Task instructions:
Your task is to copy the records that follow exactly, minus any images.

START Information provided

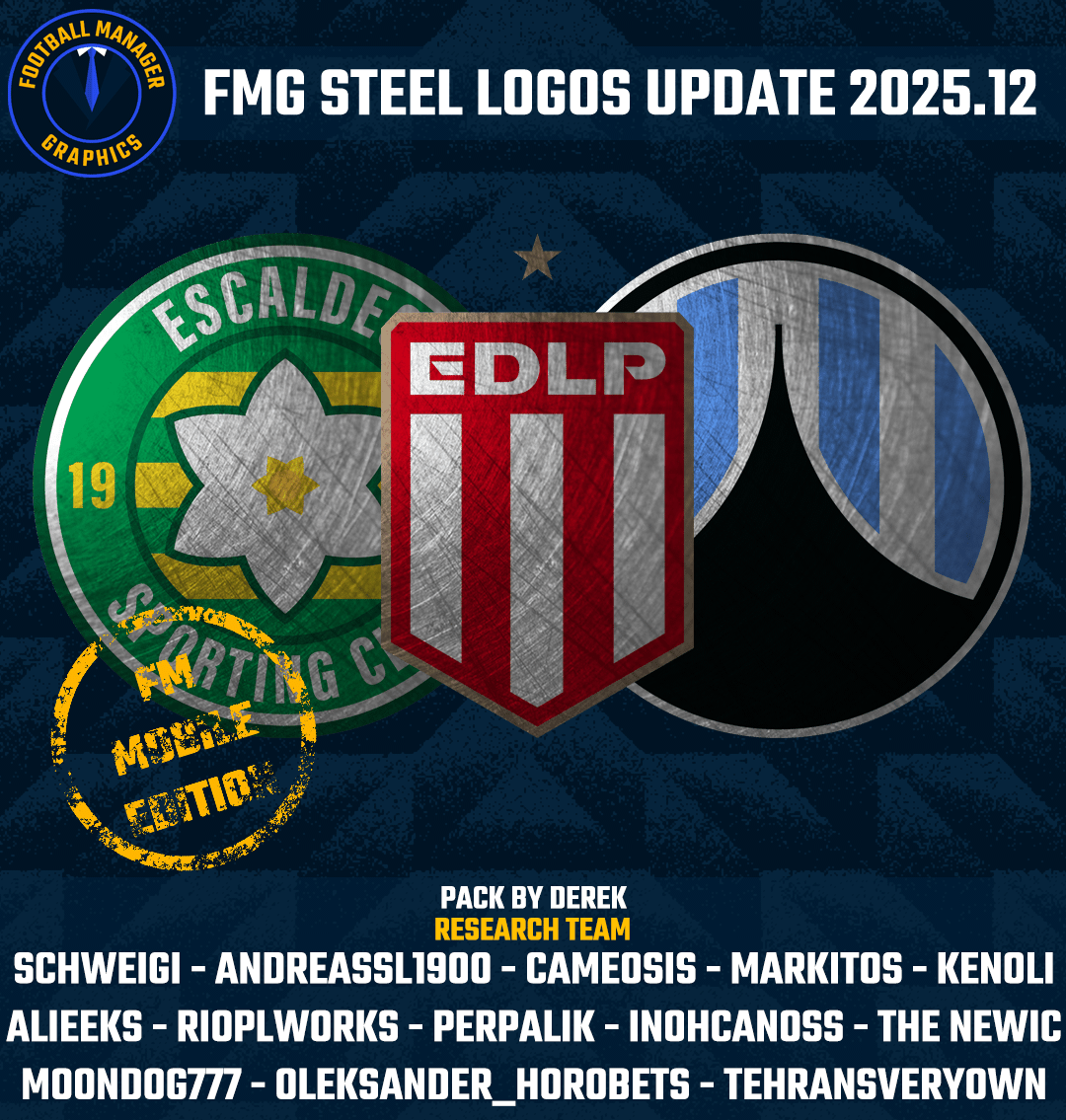 September 30, 2025Sep 30 Author Administrators FM Mobile FMG Steel Logos 2025.12 Pack & Template by @Derek Research Team @schweigi @AndreaSSL1900 @cameosis @Markitos @rioplworks @kenolio @perpalik @inohcanoss @Alieeks @Moondog777 @Oleksandr_Horobets @The Newic @TehransVeryOwn Pack Contents Each pack consists of official logos which we referred to as 'Normal' logos. We offer 'Alternative' logos in each of our packs which are logos that clubs may wear as shirt logos, perhaps in different colours, anniversary editions but are all based on official logos used by that organisation. We've also added 'Fantasy" logos to the packs which are great for future saves and 'Create-A-Club' games. In fact, all the logos created in our Design Factory are included in the megapacks. We have also got an option for the 'Retro' fans with a great selection of historic logos from many teams and competitions. Each pack also contains our very own default minimal style for those logos we haven't yet covered. However, if you wish to stick with the original default logos from the FM series simply delete our version in the megapack and unzip 'Original Default Logos' file. Installation Guide - FMG Monthly Logo Updates Drag and drop the contents (including the config files) of each folder in this update pack into the corresponding folder in the megapack and replace the existing logos when prompted. Do not drag and drop the actual folders as this will overwrite your megapack. Then simply go to preferences in FM and reload your skin. Alternative | Fantasy | Retro Logos To use any of the alternative, fantasy or retro logos in game you must remove the text at the end of each logo i.e. alt, retro or fantasy and drag and drop into the normal logo folder in the megapack. You will need to repeat this for all four sizes. Then simply go to preferences in FM and reload your skin. I would advise creating a copy of the original logos before replacing them.
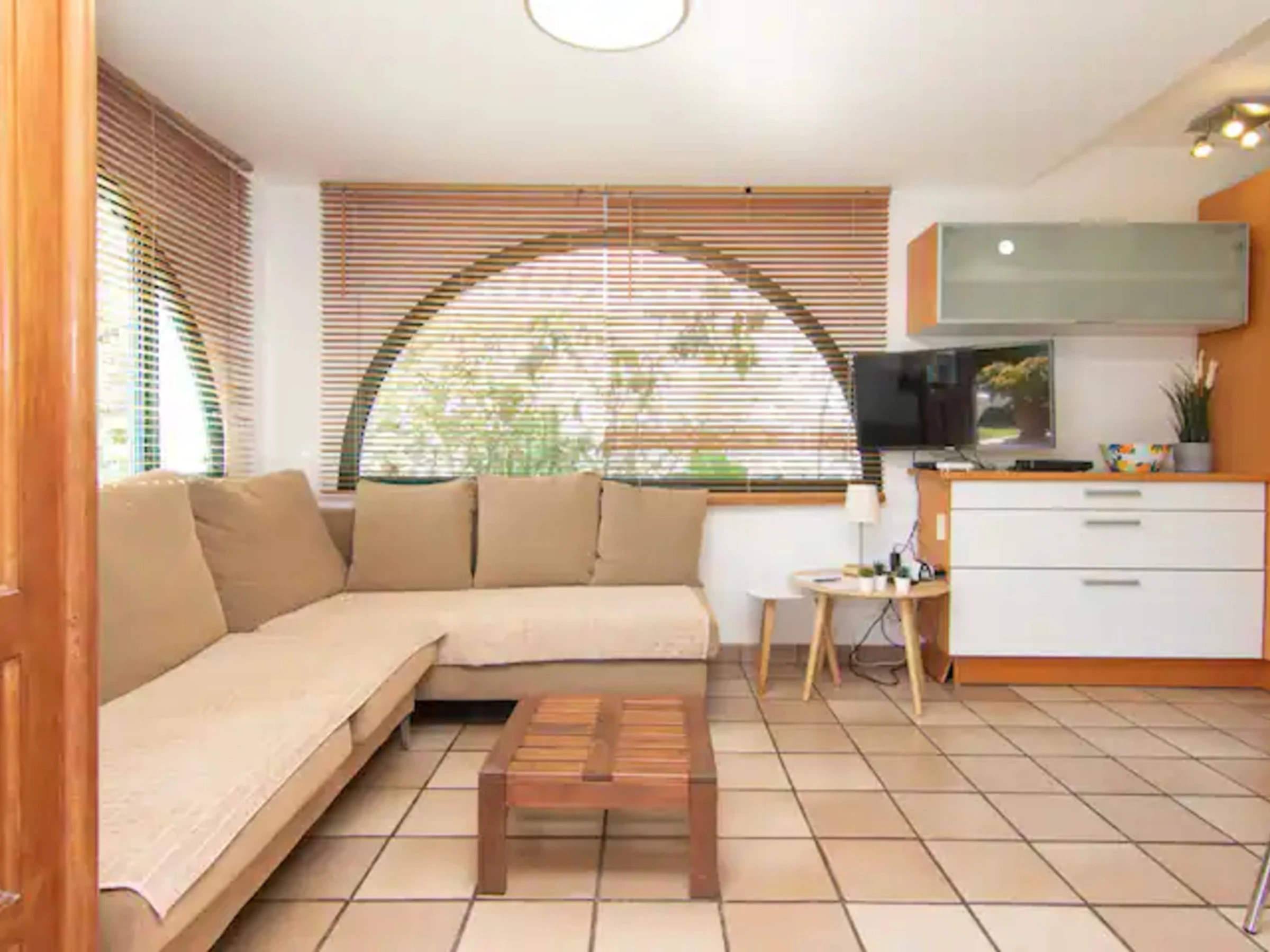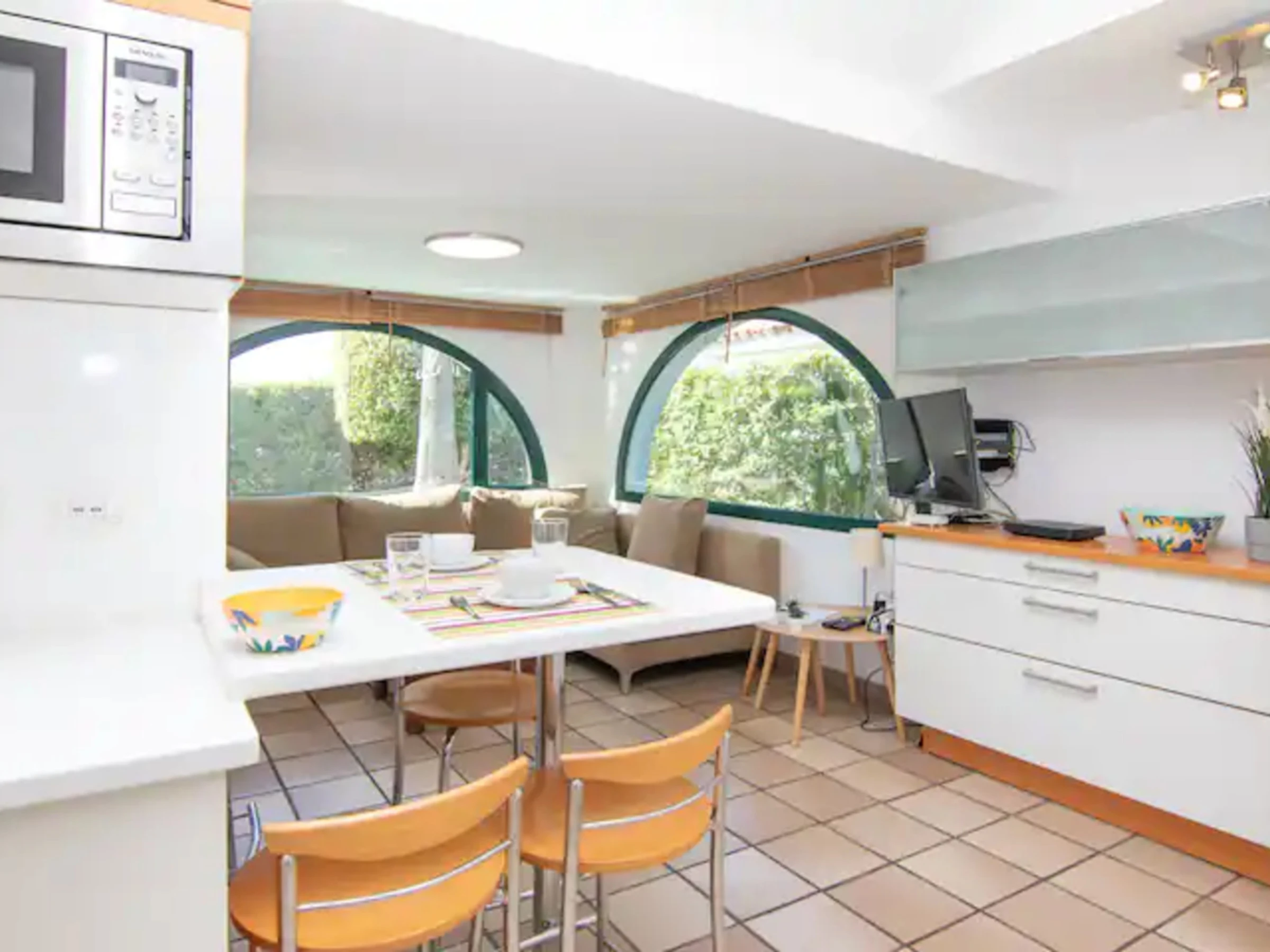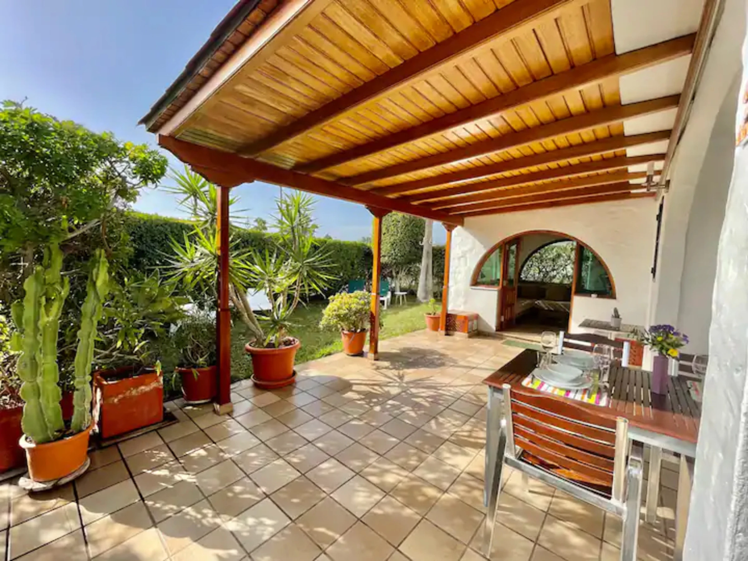 Disfruta de unas vacaciones en pareja o en familia en este magnifico bungalow gestionado por Gestion Vacacional Canarias (GVC) en Maspalomas. Con una amplia terraza, este alojamiento ofrece todo lo necesario para una estancia cómoda y relajante.
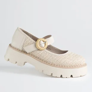 Półbuty damskie skóra plecione GOODIN GD-WL-74 beż pasek lekkie wygodne 38
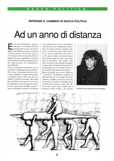 Certo, le questioni economiche che riguardano l'autofinanziamento della nostra rivista, ci impongono ulteriori sforzi, che chiamano in causa tutti gli amici, delegati e non, iscritti e non, per contribuire, con il loro sostegno, alla vita di Nuova Politica. In questo arco di tempo, abbiamo cercato di rilanciare quello che in questi anni, da Maiori in poi, è stato il principale strumento di dialogo e di confronto tra il centro nazionale e tutti gli amici che si impegnano in periferia. E proprio perché vogliamo mantenere e potenziare questo filo diretto, tra le diverse esperienze dei nostri iscritti, questo numero avrà una tiratura di gran lunga superiore alle copie stampate in precedenza. Per questo, altri amici avranno la possibilità di usufruire di un utile strumento di formazione e di informazione, per il proprio lavoro e per la propria preparazione politica.
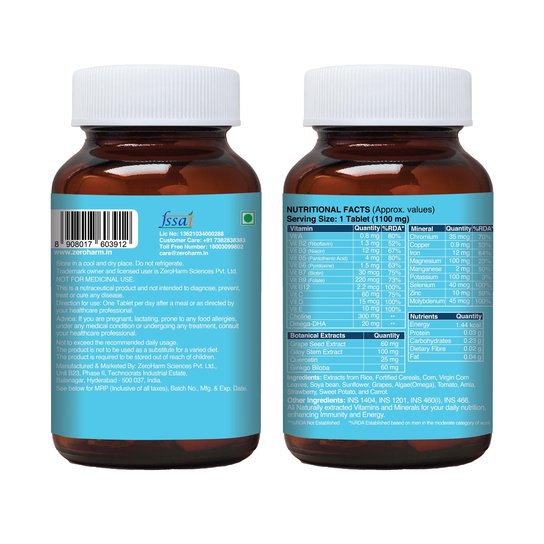 ZEROHARM Multivitamin Tablets for Men - Whole Food Multivitaminn With Essentail Vitamins A B C D E & Iron Zinc Magnesium - Daily Supplements for Immunity & Energy Support - 60 Veg Tablets
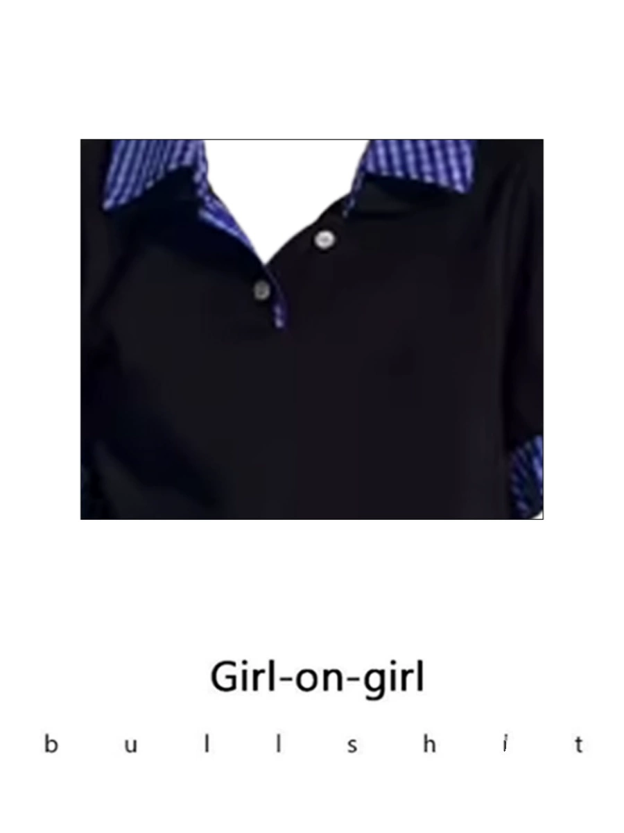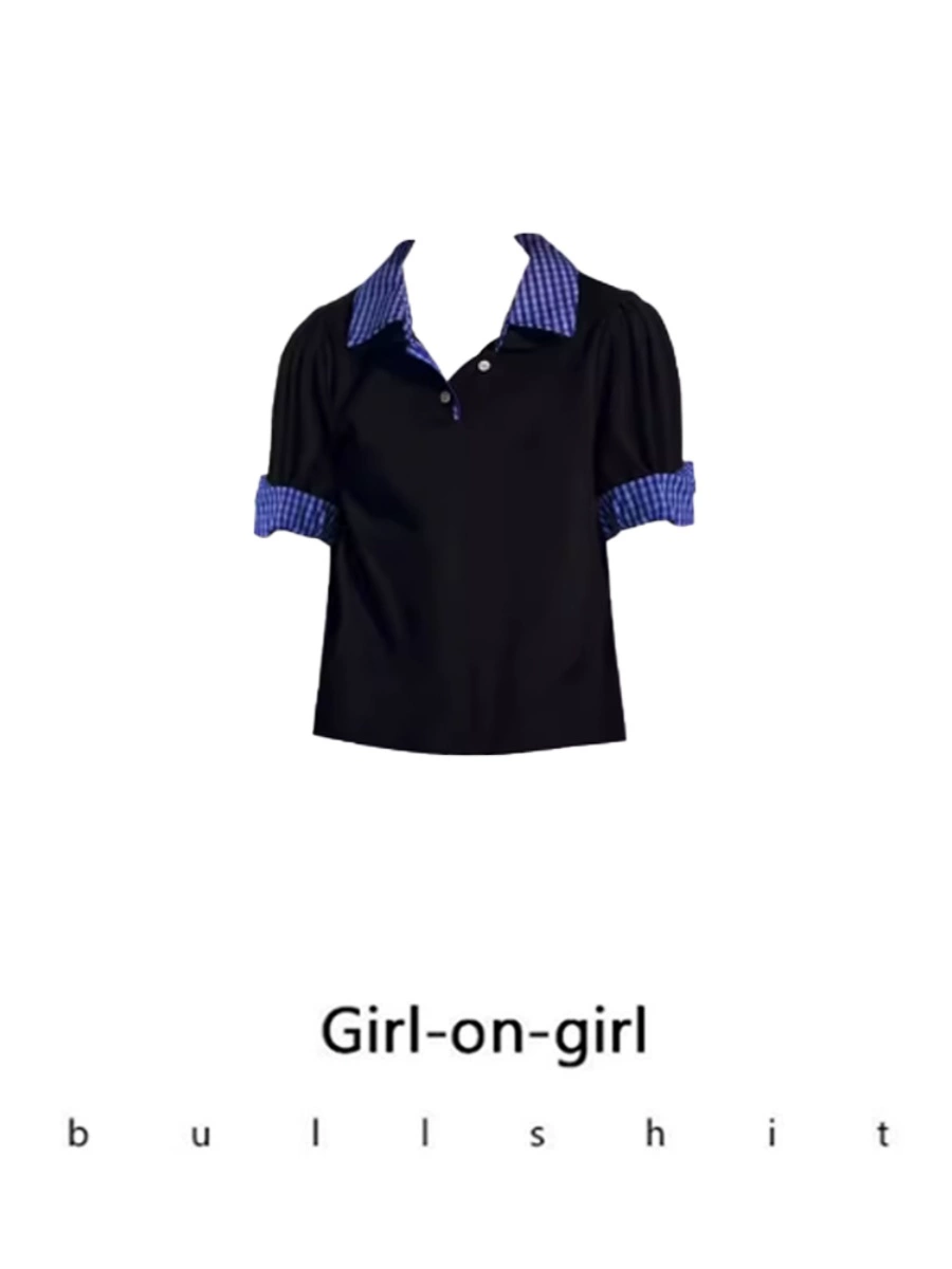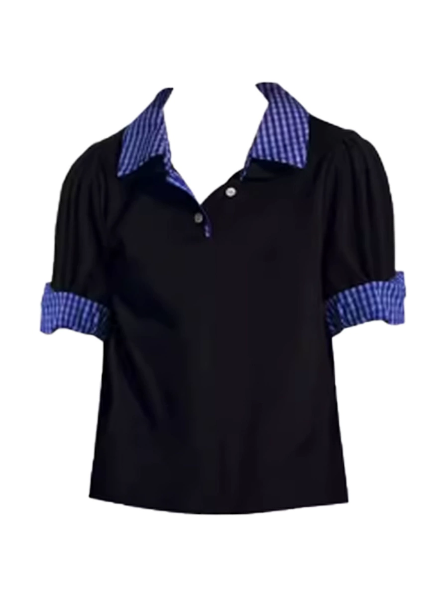 | nameOriginal | Double-collar plaid splicing fake two-piece contrasting color POLO shirt retro college commuting |

END Information provided

Reply:
 September 30, 2025Sep 30 Author Administrators FM Mobile FMG Steel Logos 2025.12 Pack & Template by @Derek Research Team @schweigi @AndreaSSL1900 @cameosis @Markitos @rioplworks @kenolio @perpalik @inohcanoss @Alieeks @Moondog777 @Oleksandr_Horobets @The Newic @TehransVeryOwn Pack Contents Each pack consists of official logos which we referred to as 'Normal' logos. We offer 'Alternative' logos in each of our packs which are logos that clubs may wear as shirt logos, perhaps in different colours, anniversary editions but are all based on official logos used by that organisation. We've also added 'Fantasy" logos to the packs which are great for future saves and 'Create-A-Club' games. In fact, all the logos created in our Design Factory are included in the megapacks. We have also got an option for the 'Retro' fans with a great selection of historic logos from many teams and competitions. Each pack also contains our very own default minimal style for those logos we haven't yet covered. However, if you wish to stick with the original default logos from the FM series simply delete our version in the megapack and unzip 'Original Default Logos' file. Installation Guide - FMG Monthly Logo Updates Drag and drop the contents (including the config files) of each folder in this update pack into the corresponding folder in the megapack and replace the existing logos when prompted. Do not drag and drop the actual folders as this will overwrite your megapack. Then simply go to preferences in FM and reload your skin. Alternative | Fantasy | Retro Logos To use any of the alternative, fantasy or retro logos in game you must remove the text at the end of each logo i.e. alt, retro or fantasy and drag and drop into the normal logo folder in the megapack. You will need to repeat this for all four sizes. Then simply go to preferences in FM and reload your skin. I would advise creating a copy of the original logos before replacing them.
 Disfruta de unas vacaciones en pareja o en familia en este magnifico bungalow gestionado por Gestion Vacacional Canarias (GVC) en Maspalomas. Con una amplia terraza, este alojamiento ofrece todo lo necesario para una estancia cómoda y relajante.
 Półbuty damskie skóra plecione GOODIN GD-WL-74 beż pasek lekkie wygodne 38
 Certo, le questioni economiche che riguardano l'autofinanziamento della nostra rivista, ci impongono ulteriori sforzi, che chiamano in causa tutti gli amici, delegati e non, iscritti e non, per contribuire, con il loro sostegno, alla vita di Nuova Politica. In questo arco di tempo, abbiamo cercato di rilanciare quello che in questi anni, da Maiori in poi, è stato il principale strumento di dialogo e di confronto tra il centro nazionale e tutti gli amici che si impegnano in periferia. E proprio perché vogliamo mantenere e potenziare questo filo diretto, tra le diverse esperienze dei nostri iscritti, questo numero avrà una tiratura di gran lunga superiore alle copie stampate in precedenza. Per questo, altri amici avranno la possibilità di usufruire di un utile strumento di formazione e di informazione, per il proprio lavoro e per la propria preparazione politica.
 ZEROHARM Multivitamin Tablets for Men - Whole Food Multivitaminn With Essentail Vitamins A B C D E & Iron Zinc Magnesium - Daily Supplements for Immunity & Energy Support - 60 Veg Tablets
 | nameOriginal | Double-collar plaid splicing fake two-piece contrasting color POLO shirt retro college commuting |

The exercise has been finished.